# Output of DIY coil denitrator showing high levels of NO3 and NO2



## ing_monkey (Oct 16, 2009)

Hi guys,

several days ago i made coil denitrator from a PET bottle with about 40 ft of airilne tubing classic size used in aquariums. As i didn't find BIO balls in shop, i just filled it with FLUVAL cottonwool which should as well serve as BIO media.

I tested today the output of denitrator using Tetra test for NO3 and NO2. What i was surpriced, NO3 shows extreme high levels already first seconds after adding 3rd substance. Usually it takes longer time to get red colour, so i assume NO3 levels are very high. NO2 also shown extreme high ppm - both over the scale.

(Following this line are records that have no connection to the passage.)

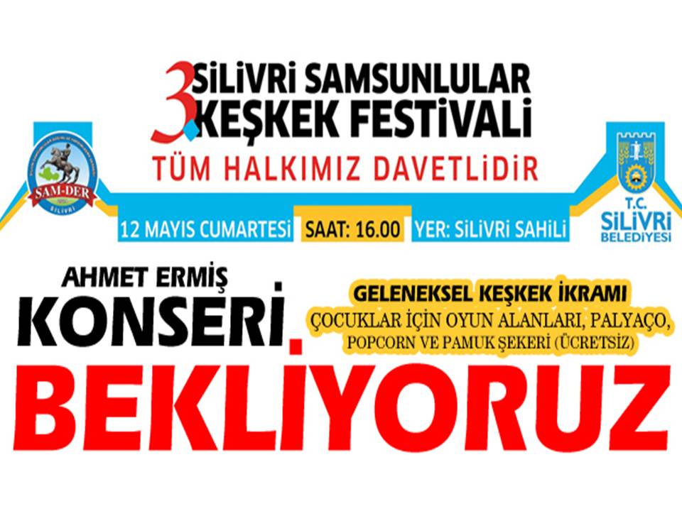 Silivri Samsunlular Derneği’nin bu yıl 3’üncüsünü yapacağı Keşkek Festivali büyük sürprizlerle geliyor. Ahmet Ermiş’in dev orkestra ile konser vereceği festivalde vatandaşlara keşkek ikramı yapılacak. Ayrıca oyun alanı, palyaço ve yüz boyama ile festival renklendirilecek.
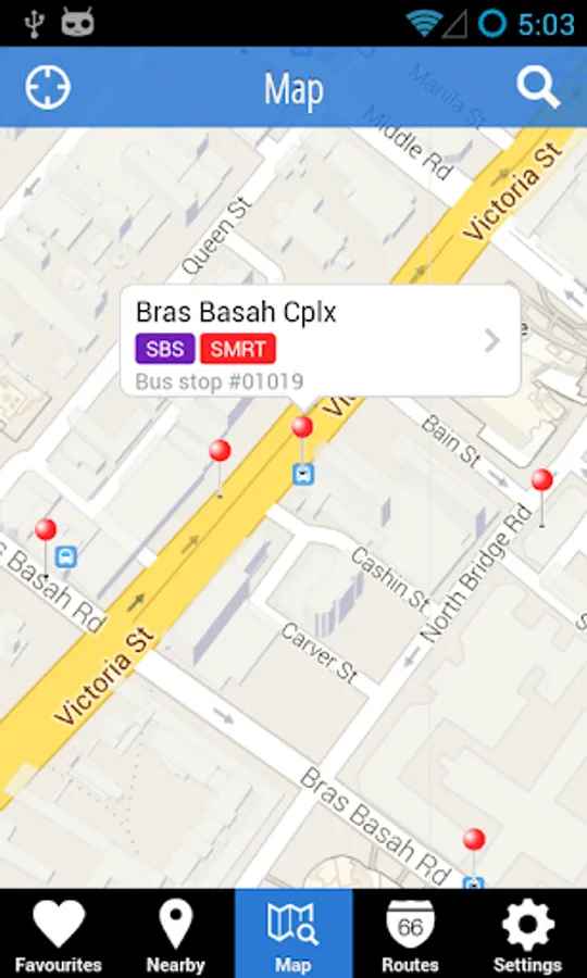 bus@sg shows you a list of bus stops near your current location, sorted by distance. You can tap the "locate" button next to the stop name to show it on the map.
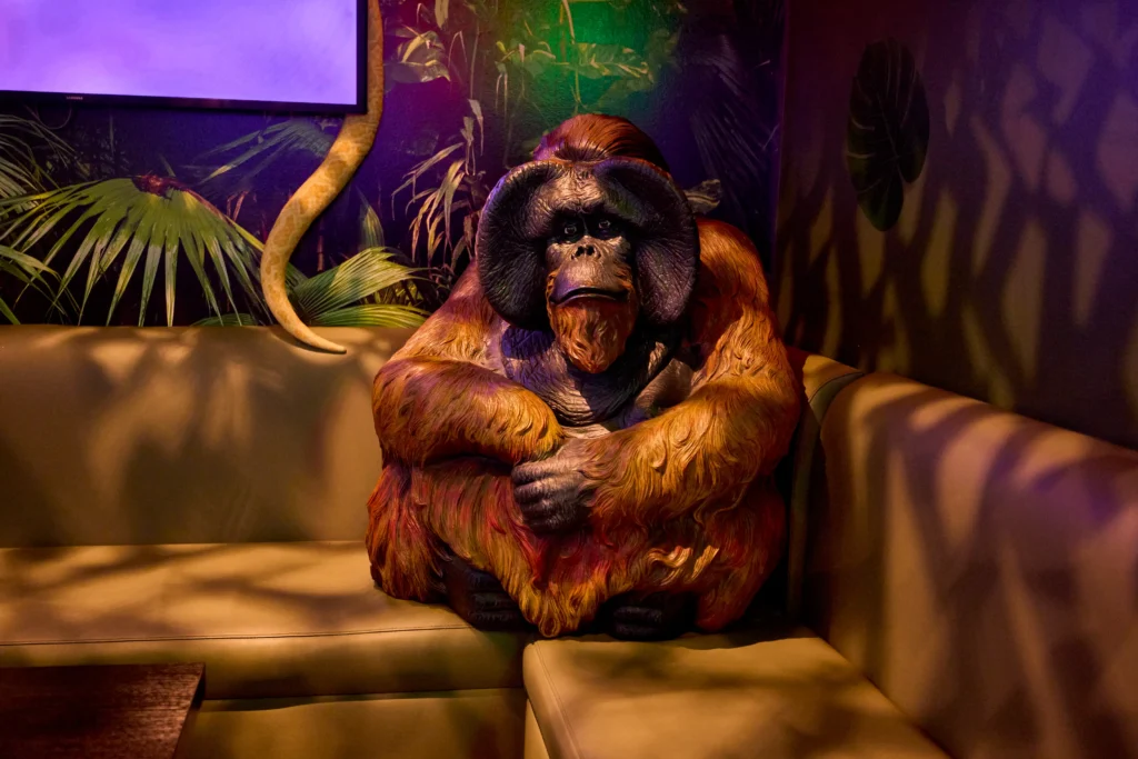 Un décor sombre et habité… prenez votre photo souvenir avec Redy notre star Orang Outan.

Yesterday when testing i just found little bit higher nitrites - around 0.3-0.5 ppm and nitrates were same as in main tank.
What i changed since yesterday was flow of the water going to denitrator from appr 3 drops per second to only 1 drop per 1 or 2 seconds. I did so after reading some forums where guys suggested to decrease the flow during initial phase.

I got afraid if this doesnt mean H2S present in output. Otherwise i just don't understand such high levels of nitrates in output. They supposed to be same or lower. I understand this device is still just in initial period, so i didnt expect it to reduce nitrates, but to add ?? I tryed to smell the output line, if i can detect some rotten eggs, but i didnt noticed.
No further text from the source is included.